26 023
Wijziging van het Wetboek van Strafrecht, het Wetboek van Strafvordering, de Wet op de rechterlijke organisatie en de Penitentiaire beginselenwet (strafrechtelijke opvang verslaafden)

nr. 10
AMENDEMENT VAN HET LID APOSTOLOU

Ontvangen 27 maart 2000

De ondergetekende stelt het volgende amendement voor:

In artikel I wordt in artikel 38m, eerste lid, onderdeel 2°, vervangen door:

2°. de verdachte in de vijf jaren voorafgaand aan het door hem begane feit ten minste driemaal wegens een misdrijf onherroepelijk tot een vrijheidsbenemende straf of maatregel, een vrijheidsbeperkende maatregel of tot het verrichten van onbetaalde arbeid ten algemenen nutte is veroordeeld, of een opgelegde vorm van vrijheidsbeneming of hulpverlening, waaronder drangmodaliteiten, niet tot succes heeft geleid, het feit is begaan na tenuitvoerlegging van deze straffen of maatregelen en er voorts ernstig rekening mede moet worden gehouden dat de verdachte wederom een misdrijf zal begaan;.

Toelichting

Dit amendement beoogt tot uitdrukking te brengen dat de SOV een ultimum remedium is, een laatste schakel in een keten van strafrechtelijke interventies ter beteugeling van met drugsverslaving samenhangende criminaliteit. Hiermee wordt aangesloten bij de in de nota naar aanleiding van het nader verslag gestelde dat de SOV een allerlaatste kans is, bestemd voor de zwaarste doelgroep als gebleken is dat andere vormen van hulpverlening en vrijheidsbeneming niet tot het gewenste resultaat hebben geleid (Nota n.a.v. het nader verslag blz. 1–2).

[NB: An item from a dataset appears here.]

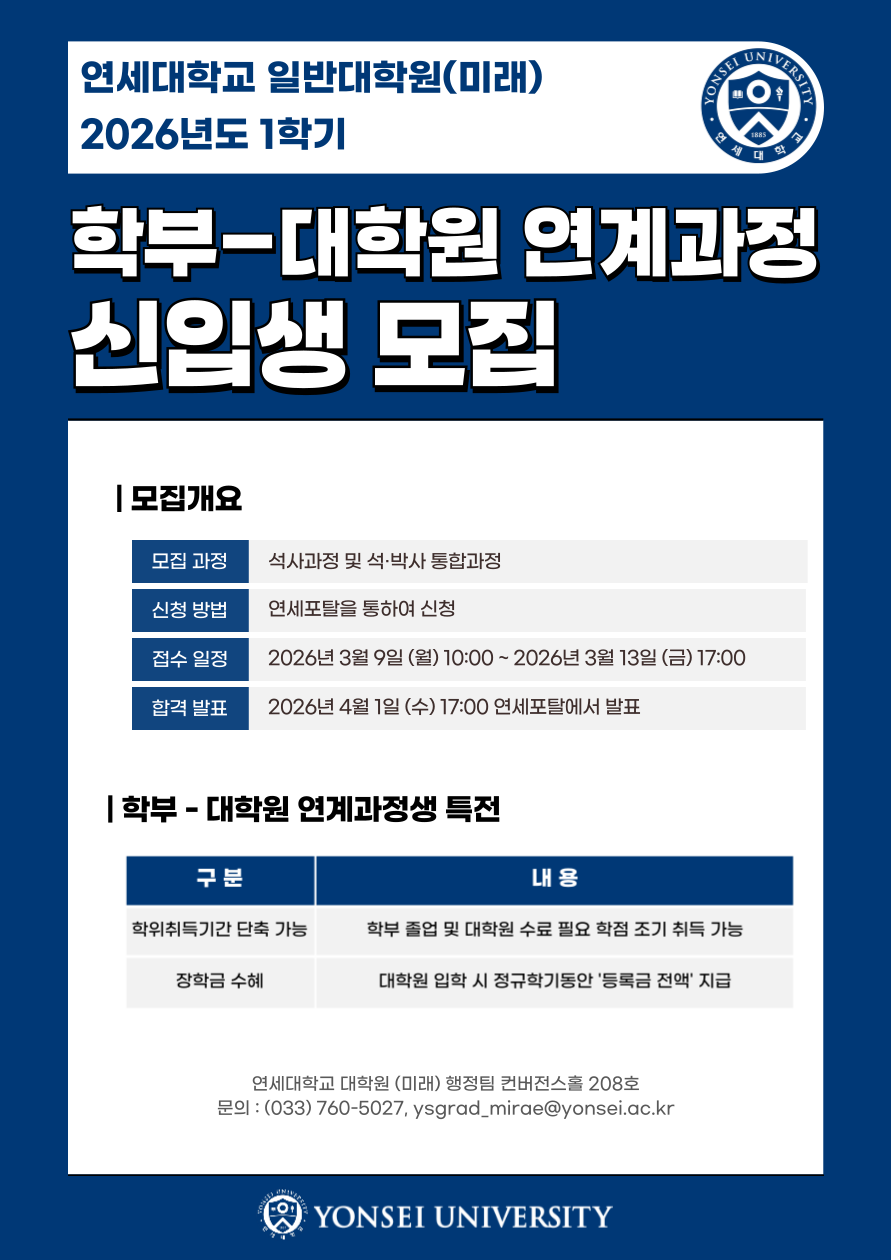 - 2026학년도 1학기 학부-대학원 연계과정 신입생 모집

Voorts wordt door dit amendement tot uitdrukking gebracht dat de drangvariant naast de dwangvariant van de SOV blijft bestaan. Dit amendement sluit tevens aan bij de opvatting dat de onvoorwaardelijke dwangvariant van de SOV in beeld komt, wanneer aannemelijk is dat eerdere op drang gebaseerde interventies geen effect hebben gesorteerd.